Cronograma do Egito Antigo: 8. O Período Ptolomaico

egito busto egípcio oficial ptolemaico

Chefe de um oficial egípcio, ca. 50 aC, através do Museu do Brooklyn

o Período Ptolomaico começou quando Alexandre, o Grande derrotou os persas no Egito em 332 aC. Após sua morte em 323 aC, seus territórios foram divididos entre seus generais. Ptolomeu ganhou o controle do Egito e se declarou faraó em 305 aC. Os Ptolomeus insistiam na predominância de cidadãos gregos e gregos dentro do império, ao mesmo tempo em que adotavam certas tradições e crenças religiosas egípcias para garantir seu domínio. Os governantes ptolomaicos não forçaram os egípcios a alterar sua própria cultura e sistemas de crenças como os persas fizeram. Pelo contrário, eles apoiaram ativamente algumas práticas e formas egípcias tradicionais vistas em seus projetos arquitetônicos, práticas religiosas e arte greco-egípcia.

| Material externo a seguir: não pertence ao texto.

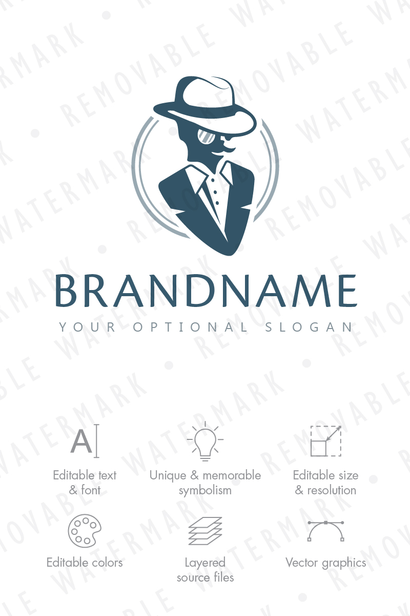 Download Шаблон логотипа "Gentleman Fashion Logo Template" / Gentleman Fashion Logo Template - Шаблон логотипа на тему графика america retro england character fashion man wear clothing suit human hat noble old dress gentleman mafia barber logo design template

Por outro lado, nunca houve um movimento unificado para assimilar os gregos na cultura egípcia. Embora fosse possível para os egípcios nativos progredirem nessa nova sociedade, os cidadãos gregos eram os únicos que podiam ocupar cargos de poder no governo e na sociedade. Fontes de riqueza, poder e influência eram privilégios que realmente só os gregos podiam aproveitar. Mais tarde, quando os egípcios foram convocados à força para o exército do rei para lutar e financiar suas batalhas, serem tratados como cidadãos de segunda classe em sua própria pátria levou a sentimentos de descontentamento e uma série de revoltas que nunca foram abordadas satisfatoriamente.

O declínio e queda da dinastia ptolomaica coincidiu com (e foi devido a) a ascensão da República Romana. Seu poder diminuindo devido a ameaças externas e planos de assassinato internos semi-constantes, os Ptolomeus foram forçados a se aliar a Roma. À medida que o poder de Roma crescia, sua influência na política e nos ativos egípcios também crescia. Quaisquer golpes contra o novo regime – o mais famoso Cleópatra e Marco Antônio – foram frustrados, e com suas mortes veio o fim oficial da dinastia ptolomaica e do Egito faraônico.